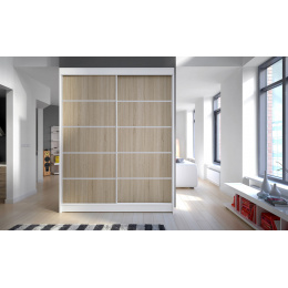 Skříň je vyrobena z kvalitního lamina. Díky svému vnitřnímu uspořádání nabízí dostatek úložného prostoru a posuvné dveře prostor šetří. Skříň je vhodná do ložnice, dětského nebo studentského pokoje, do předsíně i kanceláře. Vnitřní uspořádání skříně je vyobrazeno na fotografii. Skříň je dodávána v demontu a součástí je montážní plánek včetně všech potřebných spojovacích materiálů. Vyobrazené dekorace nejsou v ceně.
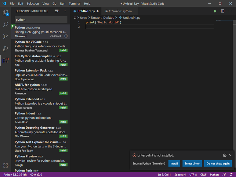 3. VS CODE 내 Python 개발환경 구축
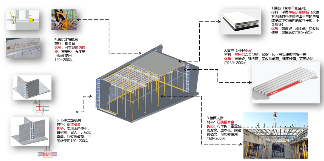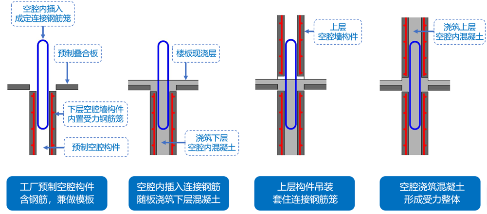 在SPCS技术路线中,基于“多面不出筋、多面全预制、中间大空腔”的“空腔墙柱”(见图1),采用受力性能等同现浇结构的“等效异构”连接方式(见图2),进行组合,实现了现场少拼缝、少支模、少绑扎的施工作业效果,显著减少人工,提高工期,保证结构整体安全不漏水。在结构现浇位置,利用“工模技术”(见图3),实现了模具安拆便捷、省人提效,结构成型效果好等优势;再加之“面内作业”施工工法(见图4),取消了传统外脚手架,所有施工过程在结构面内完成,节省了搭拆外架的工序和成本,更是在根本上杜绝了借助外架施工带来的高空坠落事故。

◆ What you are asked to do: Repeat each line word for word, from the one with "3. VS CODE 내 Python 개발환경 구축" down to the last line of the data, and keep the pictures out of it.

◆ Response:
 3. VS CODE 내 Python 개발환경 구축
 在SPCS技术路线中,基于“多面不出筋、多面全预制、中间大空腔”的“空腔墙柱”(见图1),采用受力性能等同现浇结构的“等效异构”连接方式(见图2),进行组合,实现了现场少拼缝、少支模、少绑扎的施工作业效果,显著减少人工,提高工期,保证结构整体安全不漏水。在结构现浇位置,利用“工模技术”(见图3),实现了模具安拆便捷、省人提效,结构成型效果好等优势;再加之“面内作业”施工工法(见图4),取消了传统外脚手架,所有施工过程在结构面内完成,节省了搭拆外架的工序和成本,更是在根本上杜绝了借助外架施工带来的高空坠落事故。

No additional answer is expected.